Текст книги "По-настоящему"
Автор книги: Екатерина Болдинова
Жанры:
Современная проза
,сообщить о нарушении
Текущая страница: 6 (всего у книги 19 страниц) [доступный отрывок для чтения: 7 страниц]
25 декабря 1999 года
Экзамены наконец-то сданы. Теперь можно со спокойной совестью покупать подарки и готовиться к Новому году. Его мягкое дыхание уже невозможно не заметить. Шальной запах хвои на улицах, бубенчики, ряженые, новогодние фильмы по телевизору… Усиленно привожу в порядок квартиру и закупаю подарки. Очень хочется, чтобы в Новый год моё семейство было счастливо. Хотя не уверена, что без Димки это возможно. Вот бы его отпустили домой, хотя бы на одну ночь! Но об этом не может быть и речи. Чечня слишком далеко. Может быть, так даже лучше. Ведь, если бы Дима приехал на Новый год, родителям было бы ещё тяжелее снова прощаться с ним. Уже прошёл первый месяц его командировки. Неужели ждать осталось ещё два раза по столько же?
27 декабря 1999 года
Сегодня мы полдня гуляли со Стёпой. Он позвонил мне в десять утра и, сбиваясь, предложил пойти кататься на лыжах.
– Но у меня нет лыж, да и катаюсь я плохо! – почти закричала я. И прикусила язык – зачем, зачем я это сказала?
– Ну… Может, тогда, коньки? – осторожно предложил Стёпа.
Да! Коньки у меня есть. И я очень люблю кататься, только времени не хватает.
Мы договорились встретиться через час на набережной. Неподалёку от спуска на Ангару залили огромный каток. И мы направились туда.
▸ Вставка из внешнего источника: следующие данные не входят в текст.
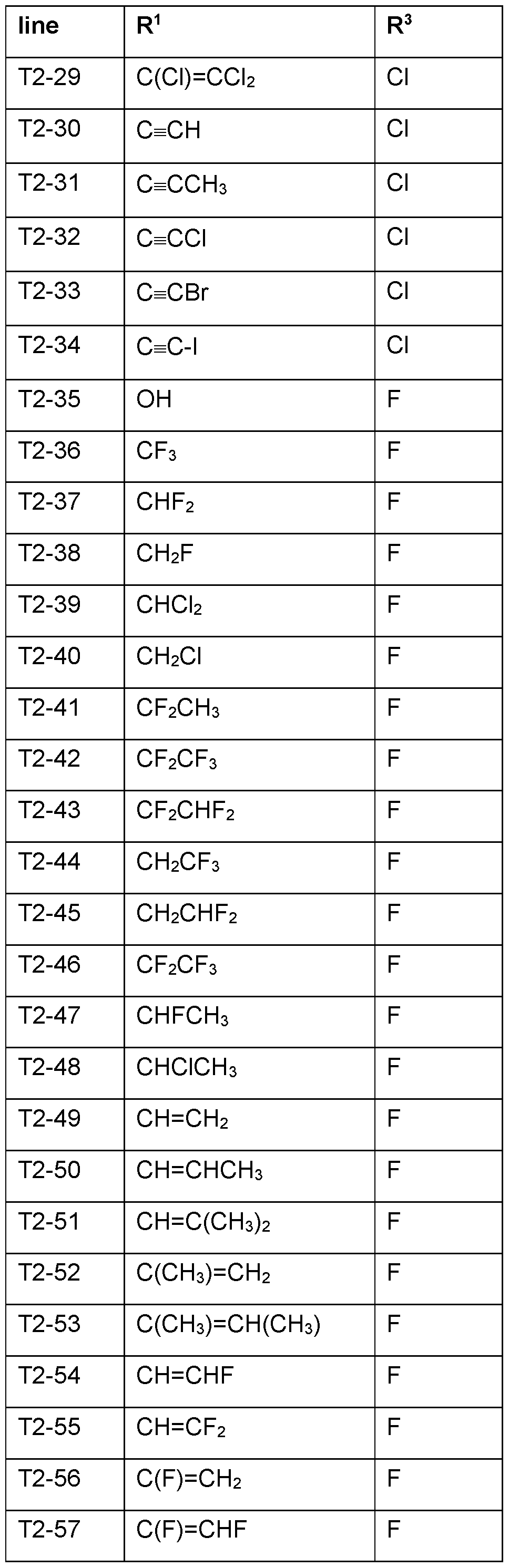 T1-3 of Table T1 and the combination of R1 and R3 for each individual compound corresponds in each case to one line of Table T2 (compounds I.A/T1-3/T2-1 to I.A/T1-3/T2-306).
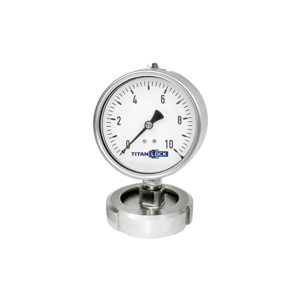 Манометр с мембранным разделителем используется для контроля за давлением в системе, где присутствует агрессивная или загрязненная среда. Он состоит из нержавеющего корпуса, измерительной шкалы и нержавеющей мембраны, разделяющей рабочую среду и чувствительный элемент манометра. Материал изготовления - нержавеющая сталь 304. Имеет тип присоединения под молочную гайку.
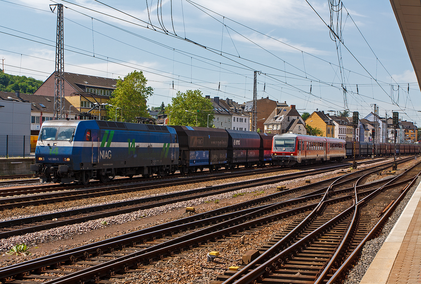 Die 145 023-6 "120 Jahre Rasender Roland - RüBB" eigentlich die 145 083-2 (91 80 6145 083-2 D-PRESS) der PRESS - Eisenbahn-Bau- and Betriebsgesellschaft Pressnitztalbahn mbH (Jöhstadt), ex SBB Cargo Re 481 001-6, ex MThB Re 486 651-3, hat zu meinem Glück, am 30.08.2016 mit einem Güterzug am Haken im Bahnhof Gießen Hp 0.
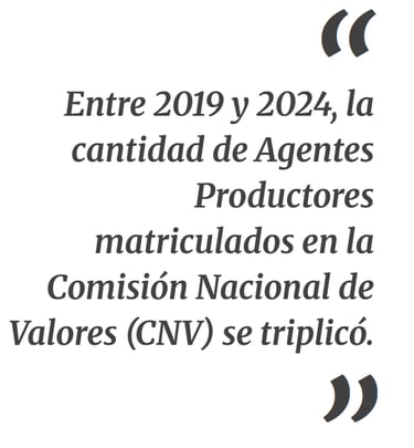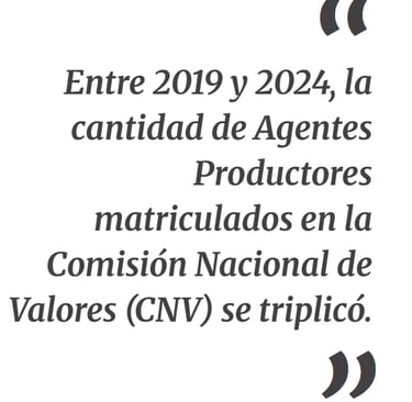 Es en este nuevo contexto donde el asesor financiero independiente ha comenzado a desempeñar un rol relevante. Entre 2019 y 2024, la cantidad de Agentes Productores matriculados en la Comisión Nacional de Valores (CNV) se triplicó, mientras que la cantidad de otros agentes se mantuvo estable. Este crecimiento sin precedentes es un reflejo de la creciente demanda de una asesoría más cercana y personalizada.
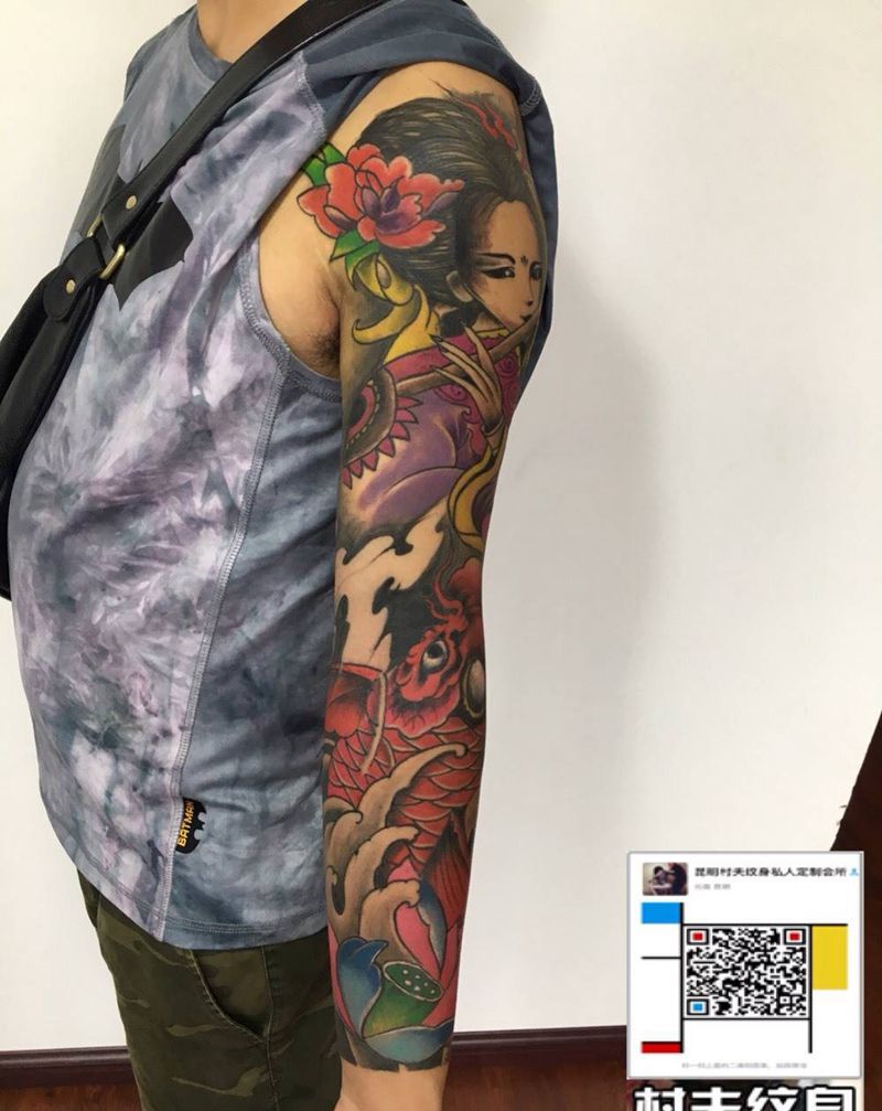 当前位置: 首页 >云南省昆明市纹身店-村夫纹身私人定制会所纹身图案>鲤鱼花旦纹身图片_成品手臂传统人物纹身图案
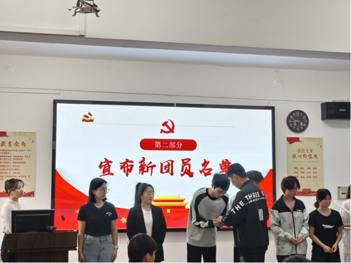 仪式在庄严肃穆的国歌声中正式开启,随后,罗茵馨宣读新团员名单,辅导员张震洋将共青团徽郑重地交给新团员,这不仅仅是团员的身份标识,更象征着责任与荣誉的传承。
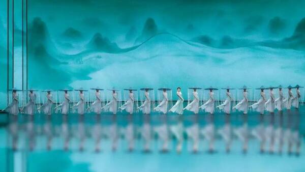 演出過程中不斷變換隊形,展現(xiàn)如“輕舟”“屋檐”“遠(yuǎn)山”等中國古典意蘊(yùn)的詩意構(gòu)圖,讓這場跨越千年的春雨在當(dāng)代舞臺上“潤物無聲”。
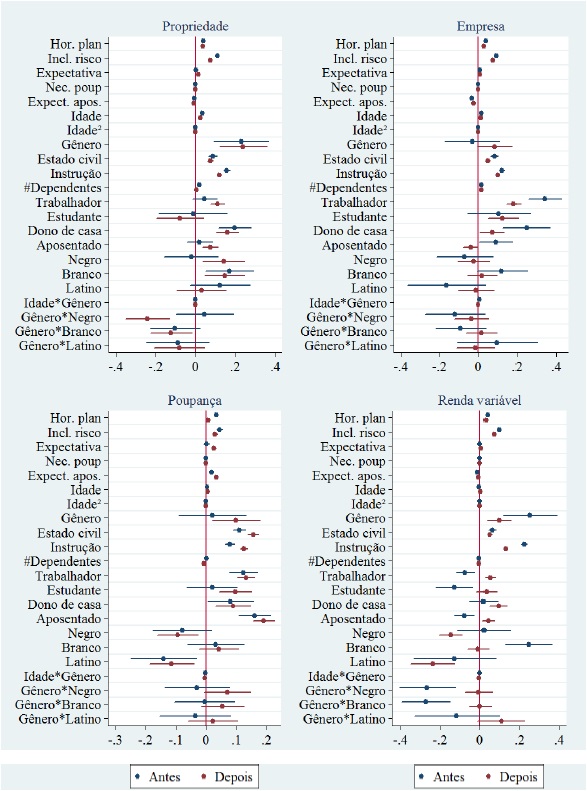 Esta figura ilustra o efeito marginal (Williams, R. (2012). Using the margins command to estimate and interpret adjusted predictions and marginal e effects. The Stata Journal, 12(2), 308-331) de cada variável explicativa sobre a propensão a investir em diferentes ativos financeiros: Propriedade de imóveis, sociedade em empresas, Poupança e ações, respectivamente no sentido horário.
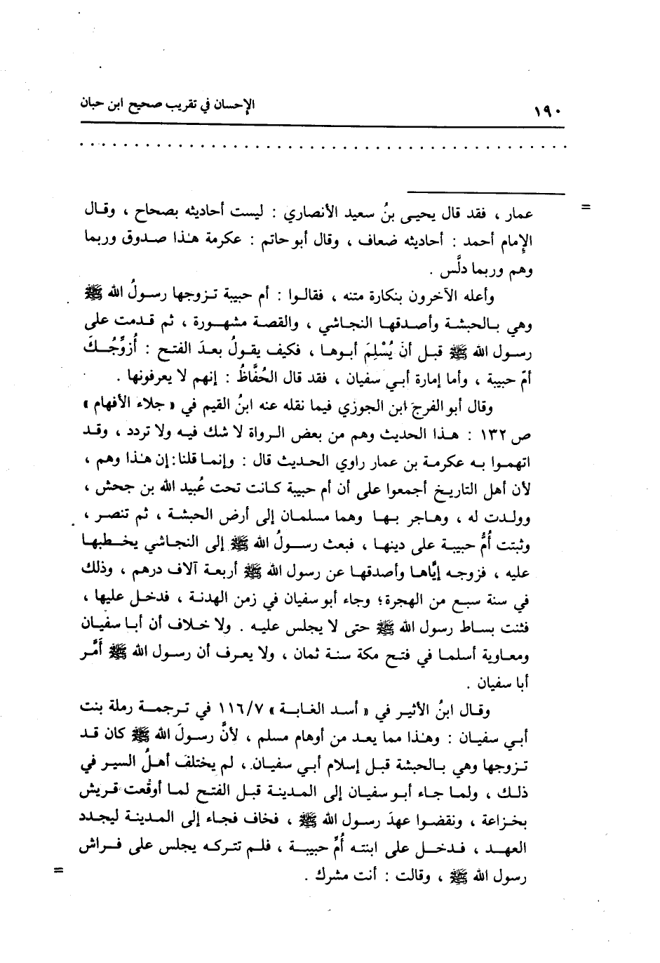 وقال أبو الفرج ابن الجوزي فيما نقله عنه ابن القيم في "جلاء الأفهام" ص132: هذا الحديث وهم من بعض الرواة لاشكفيه ولاتردد، وقد اتهموا به عكرمة بن عمار راوي الحديث قال: وإنما قلنا: إن هذا وهم، لان أهل التاريخ أجمعوا على أن أم حبيبة كانت تحت عبيد الله بن جحش، وولدت له، وهاجر بها وهما مسلمان إلى أرض الحبشة، ثم تنصر، وثبتت أم حبيبة على دينها، فبعث رسول الله صلى الله عليه وسلم إلى النجاشي يخطبها عليه، فزوجه إياها وأصدقها عن رسول الله صلى الله عليه وسلم أربعة آلاف درهم، وذلك في سنة سبع من الهجرة، وجاء أبو سفيان في زمن الهدنة، فدخل عليها، فثنت بساط رسول الله صلى الله عليه وسلم حتى لايجلس عليه. ولاخلاف أن أبا سفيان ومعاوية اسلما في فتح مكة سنة ثمان، ولايعرف أن رسول الله صلى الله عليه وسلم أمر أبا سفيان.
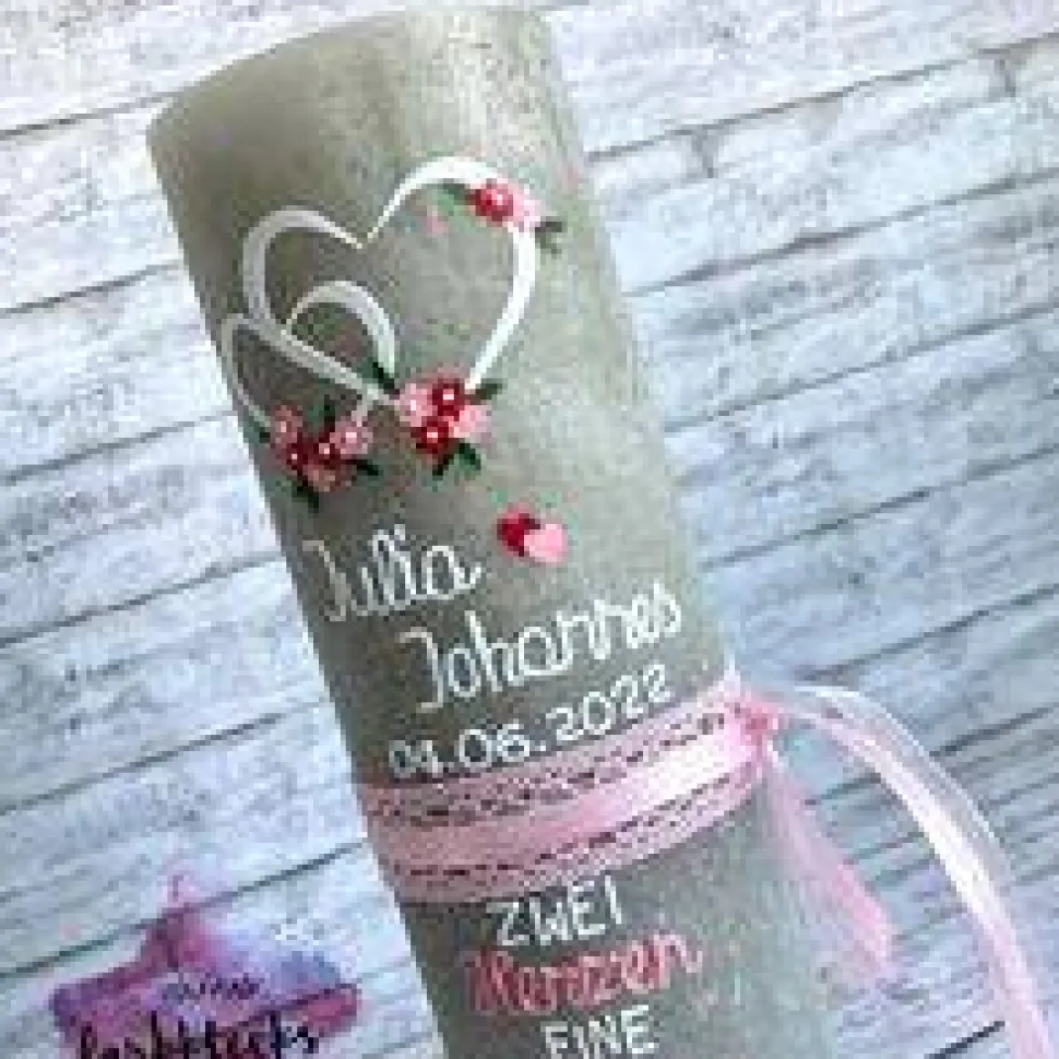 Mit schönem Spitzenband und kleinen Blumen. Der Spruch zwei Herzen, eine Liebe findet auch seinen Platz
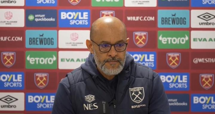 英超第14轮,西汉姆联将客场挑战曼联。铁锤帮主帅努诺周二出席赛前发布会,谈到帕奎塔被红牌罚下、曼联的近况等话题。
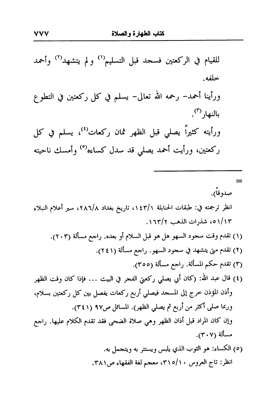 ورأيته كثيراً يصلي قبل الظهر ثمان ركعات4، يسلم في كل ركعتين، ورأيت أحمد يصلي قد سدل كساءه5 وأمسك ناحيته

Лёд, сверкающие на солнце лезвия коньков и яркий-яркий снег, искрящийся сотнями крошечных бриллиантов… Мы катались несколько часов. Сначала осторожно, друг за дружкой, потом – держась за руки. «Людочка, сделаем круг?» – говорил Стёпа, и я смеялась, что он удачно подобрал цитату из «Покровских ворот». После катка, усталые, раскрасневшиеся, счастливые, мы завалились в ближайшее кафе, ели пирожные, пили кофе, болтали. Заходящее солнце забрасывало Стёпкино лицо длинными тенями, и я впервые подумала: «А ведь он красивый…» Тёмные, чуть вьющиеся волосы, яркие голубые глаза, ямочки на щеках. Как я не видела этого раньше? Как вообще мы жили раньше? Ходили на одни и те же уроки, делали домашние задания, сталкивались иногда на улице – и даже не думали о том, что можем быть вместе.
– Когда ты смотришь на меня, мне кажется, ты заглядываешь прямо мне в душу, – смущается Стёпа. Я гляжу на него поверх большой чашки капучино.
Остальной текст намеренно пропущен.